Material provided
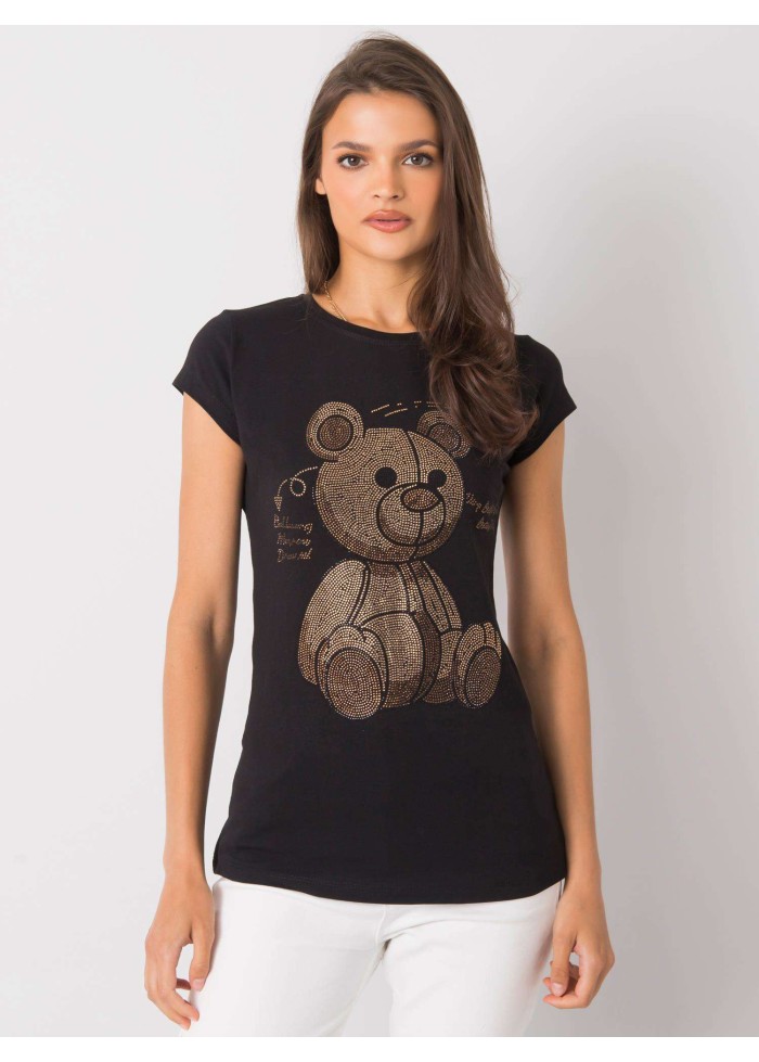 Dámske bavlnené tričko, krátke rukávy, okrúhly výstrih, potlač s kamienkami, materiál: 90% bavlna, 10% elastan, spôsob prania: pranie v práčke na 30°c, modelka má na sebe veľkosť s. rozmery modelky: výška 176,5 cm, prsia 83 cm, pás 55 cm, boky 88 cm., rozmery trička vo veľkosti s merané naplocho: šírka pod pazuchami - 42 cm, celková dĺžka - 65 cm.
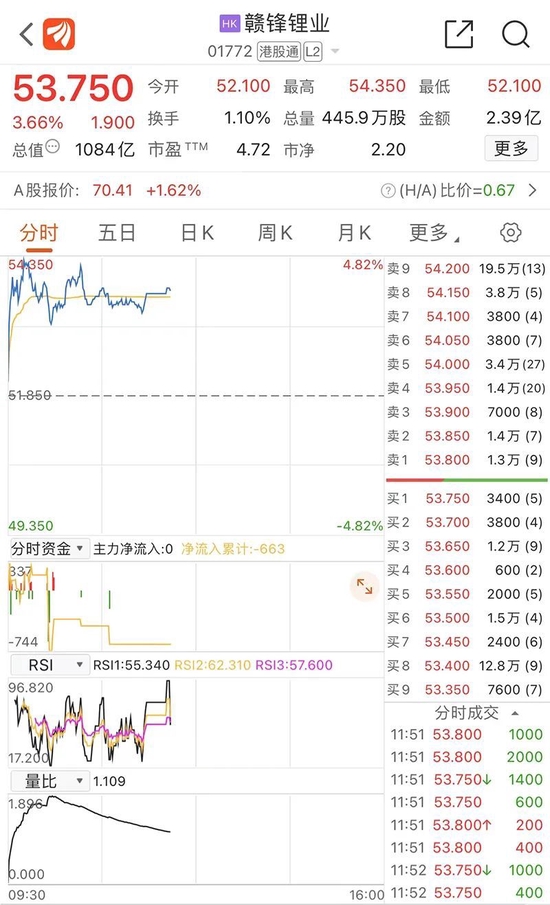 锂电池概念股早盘多数上扬,截至发稿,赣锋锂业涨3.66%,报53.75港元/股;天齐锂业涨2.09%,报58.5港元/股;彩客新能源涨1.48%,报1.37港元/股;超威动力涨0.6%,报1.69港元/股。
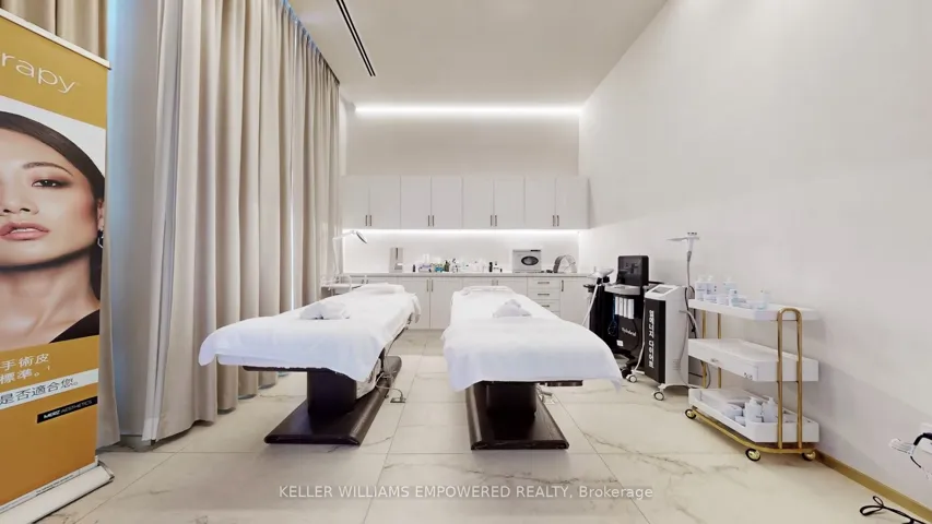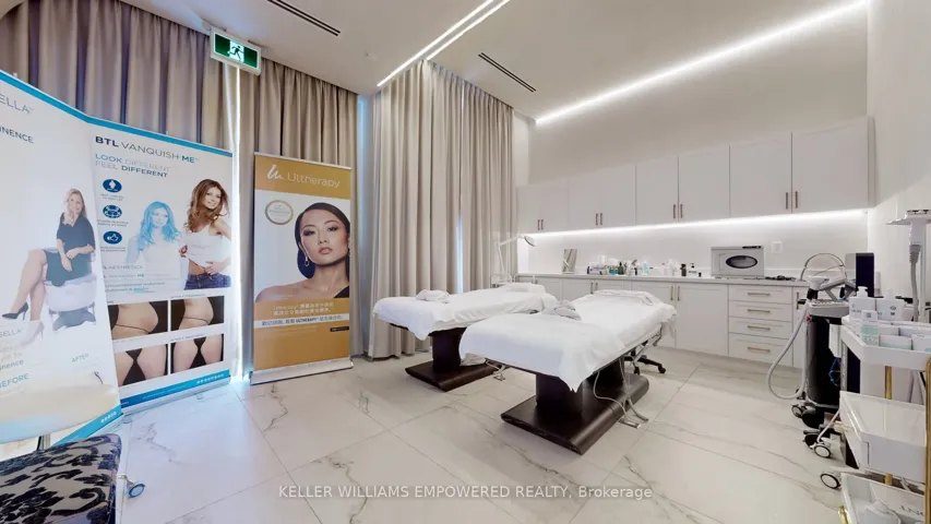 +"PublicRemarks": "Located in one of South East Oakville's most prestigious office complexes and surrounded by an affluent, highly desirable neighbourhood, this turnkey asset sale presents an exceptional opportunity to acquire a fully built-out luxury cosmetic clinic with strong visibility and high traffic exposure; the approximately 1,480sq. ft. space is intelligently designed with three spacious treatment rooms, a private consultation room featuring smart switchable glass, a luxury bathroom, and a utility room, and is finished to a premium standard including custom window coverings and curtains, LED accent backlighting, extensive built-in cabinetry, integrated speakers, a refined reception area with a stone reception desk, client seating, product display shelving, and a dedicated beverage station; the property benefits from ample free on-site parking, enhancing client convenience, and is supported by a favourable lease with approximately 1.75 years remaining plus a 5-year option to renew, at a current rent of approximately $5,700 per month inclusive of TMI and HST; ideal for an entrepreneur seeking to enter or scale within the cosmetic clinic space with significant growth potential, with treatment equipment negotiable separately, transition and onboarding support available from the owner, and the client database open for discussion and negotiation, notwithstanding the asset-only structure of the sale."
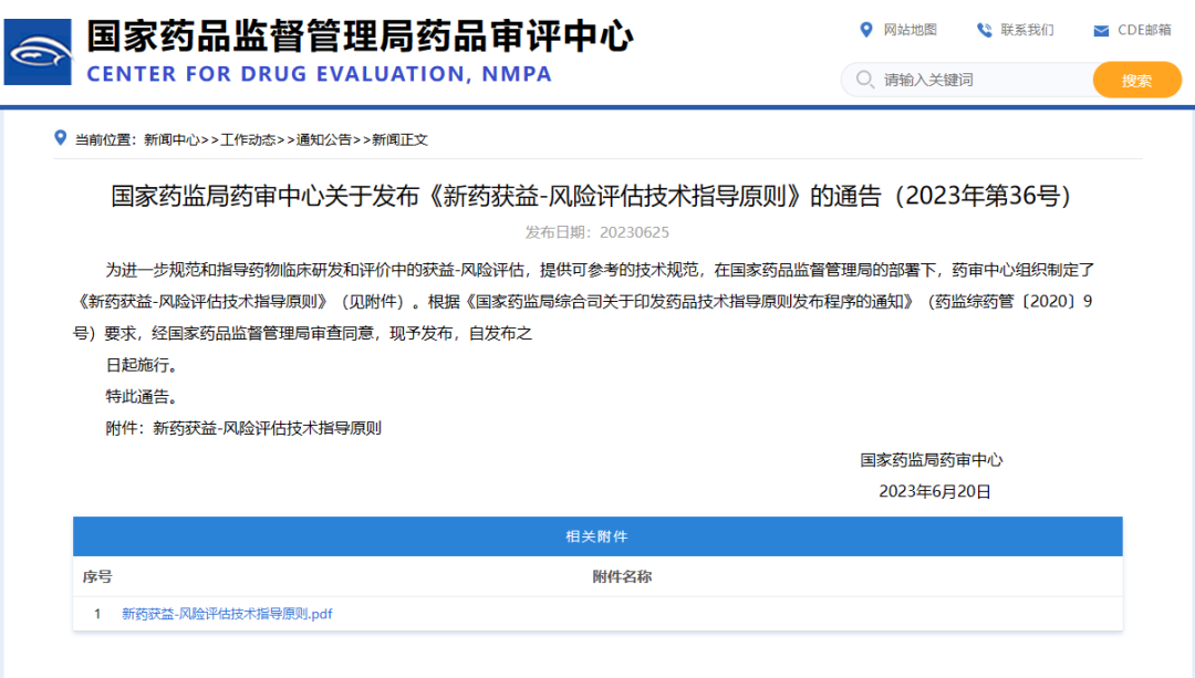 國家藥監局藥審中心關于發布《新藥獲益-風險評估技術指導原則》的通告(2023年第36號)
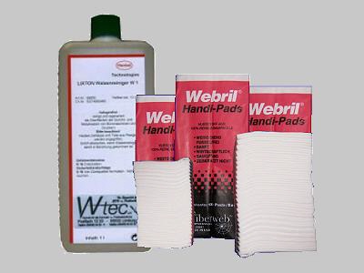 1 x 1 Liter Reiniger für Gummiwalzen Typ W1 und 3 x 100 Vliesstoff Pads, 10x10 cm (= 300 Stück) |
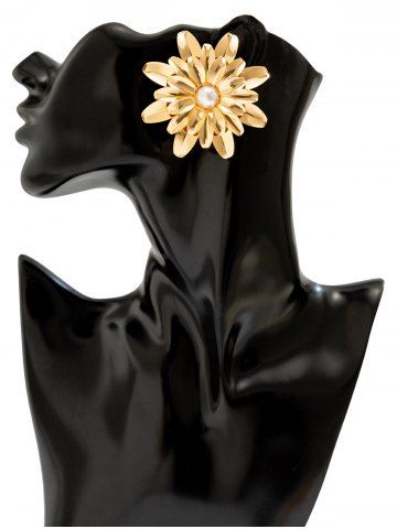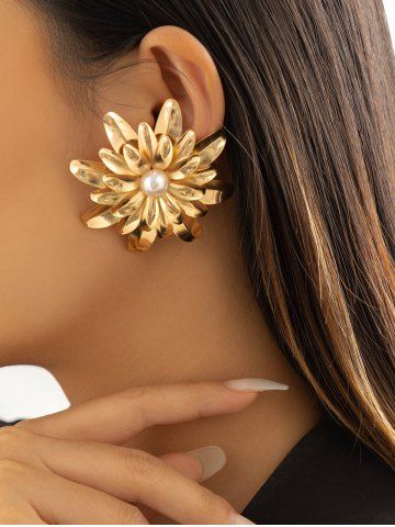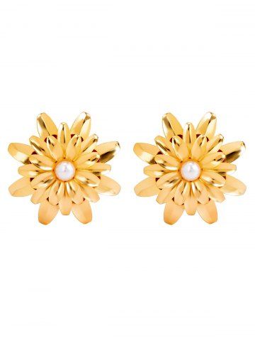 Daisy Flower 3D Faux Pearl Stud Earrings - Golden

What is expected
Give back the material word for word and drop the pictures it holds.

Written solution
 Dámske bavlnené tričko, krátke rukávy, okrúhly výstrih, potlač s kamienkami, materiál: 90% bavlna, 10% elastan, spôsob prania: pranie v práčke na 30°c, modelka má na sebe veľkosť s. rozmery modelky: výška 176,5 cm, prsia 83 cm, pás 55 cm, boky 88 cm., rozmery trička vo veľkosti s merané naplocho: šírka pod pazuchami - 42 cm, celková dĺžka - 65 cm.
 锂电池概念股早盘多数上扬,截至发稿,赣锋锂业涨3.66%,报53.75港元/股;天齐锂业涨2.09%,报58.5港元/股;彩客新能源涨1.48%,报1.37港元/股;超威动力涨0.6%,报1.69港元/股。
 +"PublicRemarks": "Located in one of South East Oakville's most prestigious office complexes and surrounded by an affluent, highly desirable neighbourhood, this turnkey asset sale presents an exceptional opportunity to acquire a fully built-out luxury cosmetic clinic with strong visibility and high traffic exposure; the approximately 1,480sq. ft. space is intelligently designed with three spacious treatment rooms, a private consultation room featuring smart switchable glass, a luxury bathroom, and a utility room, and is finished to a premium standard including custom window coverings and curtains, LED accent backlighting, extensive built-in cabinetry, integrated speakers, a refined reception area with a stone reception desk, client seating, product display shelving, and a dedicated beverage station; the property benefits from ample free on-site parking, enhancing client convenience, and is supported by a favourable lease with approximately 1.75 years remaining plus a 5-year option to renew, at a current rent of approximately $5,700 per month inclusive of TMI and HST; ideal for an entrepreneur seeking to enter or scale within the cosmetic clinic space with significant growth potential, with treatment equipment negotiable separately, transition and onboarding support available from the owner, and the client database open for discussion and negotiation, notwithstanding the asset-only structure of the sale."
 國家藥監局藥審中心關于發布《新藥獲益-風險評估技術指導原則》的通告(2023年第36號)
 1 x 1 Liter Reiniger für Gummiwalzen Typ W1 und 3 x 100 Vliesstoff Pads, 10x10 cm (= 300 Stück) |
 Daisy Flower 3D Faux Pearl Stud Earrings - Golden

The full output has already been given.